This exploratory study set out to investigate the potential predictive ability of preadmission grades and various summative assessment results during a 6-year medical program, with the view to identifying “at-risk” students early and at different stages of their studies. Although we did not find the “smoking gun,” ie, a single predictor of long-term student performance, we believe that this study has highlighted a number of important issues in terms of admission criteria, curriculum components that require attention, and possible remediation points during the 6-year program.

With regard to the predictive ability of preadmission grades (high school grade, English, Common Educational Proficiency Assessment), unlike some reports of the usefulness of the high school grade during medical studies and beyond,Citation2,Citation6,Citation19,Citation20 the present study found that the high school grade, a major Faculty of Medicine and Health Sciences admission criterion, is a poor predictor of performance, even in the short term. This may reflect the high school grade cutoff (>90%) and hence the low discriminatory power. Because there is evidence suggesting that premedical school science may be correlated with success at medical school,Citation1,Citation2 individual mathematics, biology, or other science grades may be more appropriate as potential predictors than the comprehensive high school grade.
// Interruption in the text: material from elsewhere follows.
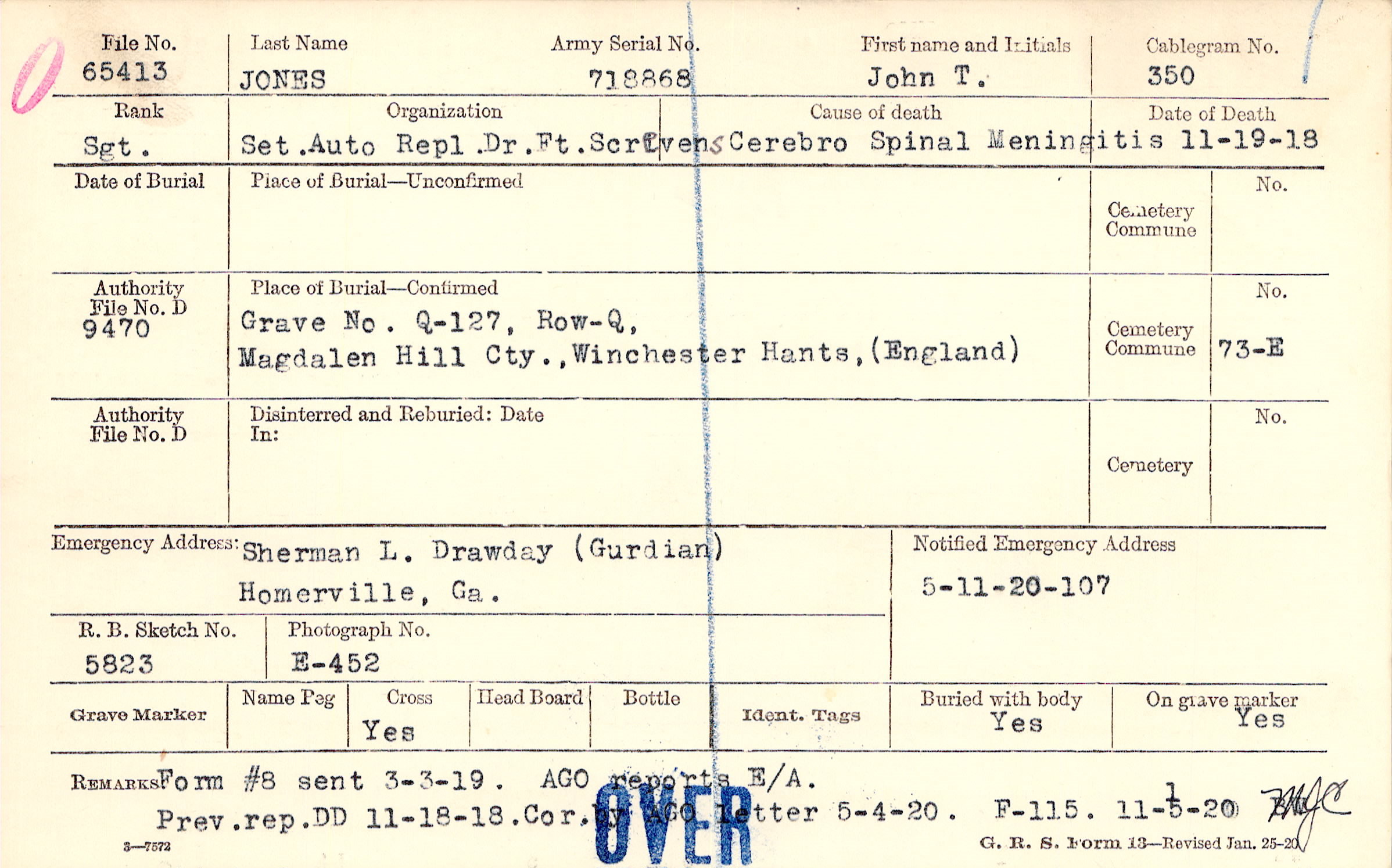 Grave Q-127, Row Q, Magdalen Hill Cty., Winchester, Hants, England

The low correlation of English language scores with other grades was surprising, because much has been written about the difficulties of studying medicine as an English second language learner.Citation22Citation28 A recent study of the transferable skills of incoming Faculty of Medicine and Health Sciences medical students who were followed up a year later, suggest that language is a barrier to academic achievement.Citation29 Like the high school grade, the low predictability of English and future performance may lie in its poor discriminatory power because applicants generally just meet the minimum requirement (500 for TOEFL, 5 for the International English Language Testing System). Notwithstanding this result, we believe that English language proficiency does influence success in the early years of medical studies. The next step is to consider the predictive ability of different components of the International English Language Testing System (ie, listening, speaking, reading, writing).
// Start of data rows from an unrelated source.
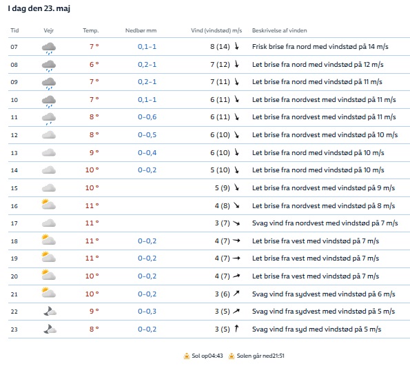 Vejrprognosen fra YR.NO for fredag i under Naturmødet i Hirtshals.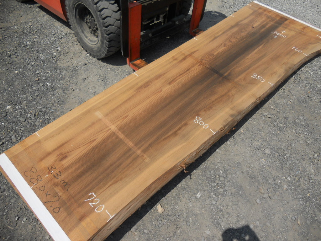 > 天竜杉 長物340cmX71~105cmX7cm 大方ム節414 長座卓 ロングテーブル材料 家具製作各種 看板 天然木 木材 耳付き 無垢一枚板 カウンター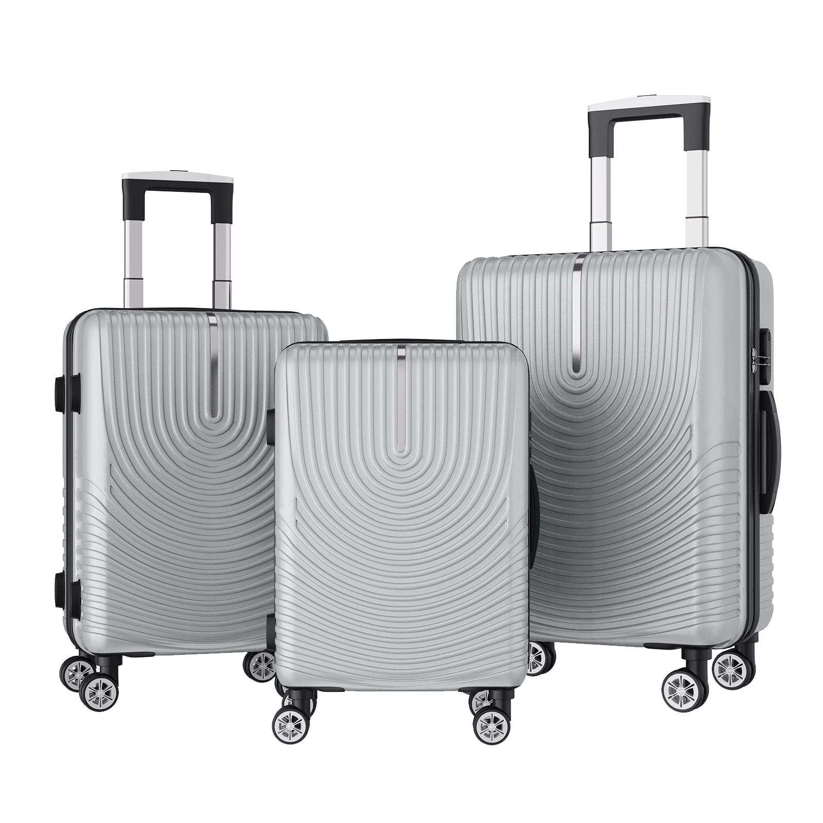 Rosahqnda Ensemble de valises à roulettes 3 pièces 4 roues universelles Étui de verrouillage ABS Manchon rigide Rangement de voyage

Because it is unlikely that United Arab Emirates secondary schooling will be standardized in the foreseeable future, alternative selection criteria need to be considered. Admission tests, such as the Medical College Admission Test, which probably offer greater objectivity than the high school grade, are regularly used elsewhere in the admission process. Although Lynch et al found that the UK Clinical Aptitude Test failed to predict year 1 performance at two medical schools,Citation10 the US Medical College Admission Test predicted performance in all three US Medical Licensing Examination steps.Citation21 In the early years of the Faculty of Medicine and Health Sciences medical program (ie, in the 1990s), Abdulrazzaq et al found that the grade point average, a measure of overall medical school performance, was significantly correlated with an admission test.Citation3 In recent years, the Faculty of Medicine and Health Sciences admission process has included a Medical College Admission Test-type examination but, because the results are not archived electronically, they could not be used for this study.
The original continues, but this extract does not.